The path to becoming law — and the clock
Even if the Senate finds the will, the procedural road is long. To become law, the bill must be reconciled with the Senate Agriculture Committee's version (Agriculture shares jurisdiction because of the CFTC's role), survive a 60-vote threshold on the Senate floor rather than a simple majority, be reconciled with the House-passed text in a conference or amendment process, and then be signed by the President. Each of those steps is a place where the bill can die, and the 60-vote threshold in particular means the coalition must attract sustained bipartisan support rather than relying on a single party's majority.
And the calendar is unforgiving. Analysts have noted that only about eight weeks of Senate floor time remain before the chamber breaks for the summer and attention shifts to the politics of the midterm elections — and the CLARITY Act alone could consume as much as a week of that scarce floor time, competing against every other legislative priority.

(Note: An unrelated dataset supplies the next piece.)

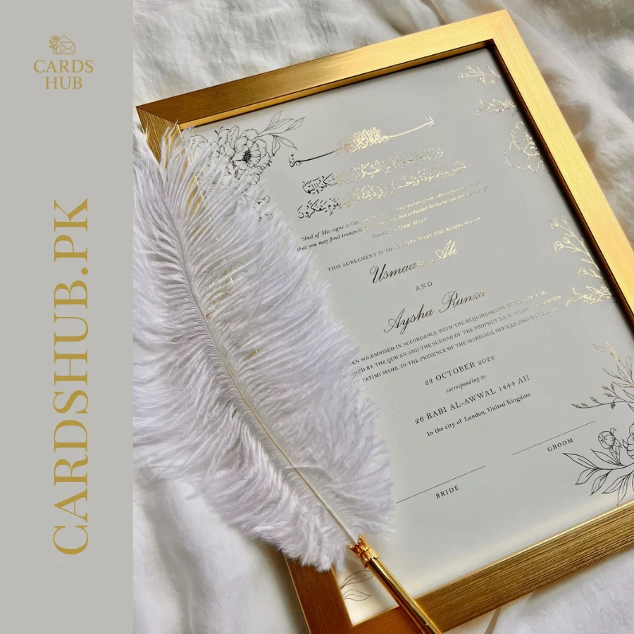 This minimal gold nikah frame is created for couples who love clean design with a touch of luxury. The soft neutral background, fine gold foil Islamic text, and delicate floral line art give this frame a calm and modern feel that never looks heavy.

That is the central tension heading into July: the bill has never been closer, yet the window to actually pass it is narrow and closing. For anyone tracking US crypto policy, the next two months are the ones that matter.
What is the CLARITY Act?
The Digital Asset Market Clarity Act (H.R.3633) is a US bill that creates a comprehensive framework for digital assets, dividing them into digital commodities (CFTC-regulated), investment-contract assets (SEC-regulated) and permitted payment stablecoins.
Has the CLARITY Act become law?
Not yet. As of 1 July 2026 it has passed the House (July 2025, 294–134) and cleared the Senate Banking Committee (15–9 on 14 May 2026), and it sits on the Senate calendar, but it has not passed the full Senate or been signed into law.
What is blocking the bill in the Senate?
Three unresolved issues: stablecoin yield rules, the scope of DeFi oversight, and an ethics provision addressing officials profiting from crypto. Limited Senate floor time before the summer recess is an added obstacle.
Which regulator would oversee Bitcoin under the CLARITY Act?
Bitcoin, as a digital commodity, would fall primarily under the CFTC, which would gain exclusive jurisdiction over digital-commodity spot markets, while the SEC retains authority over investment-contract assets.
When could the CLARITY Act pass?
That is uncertain. Roughly eight weeks of Senate floor time remain before the summer break and midterm-election politics, so the coming weeks are decisive. It may pass this session, be delayed, or stall entirely.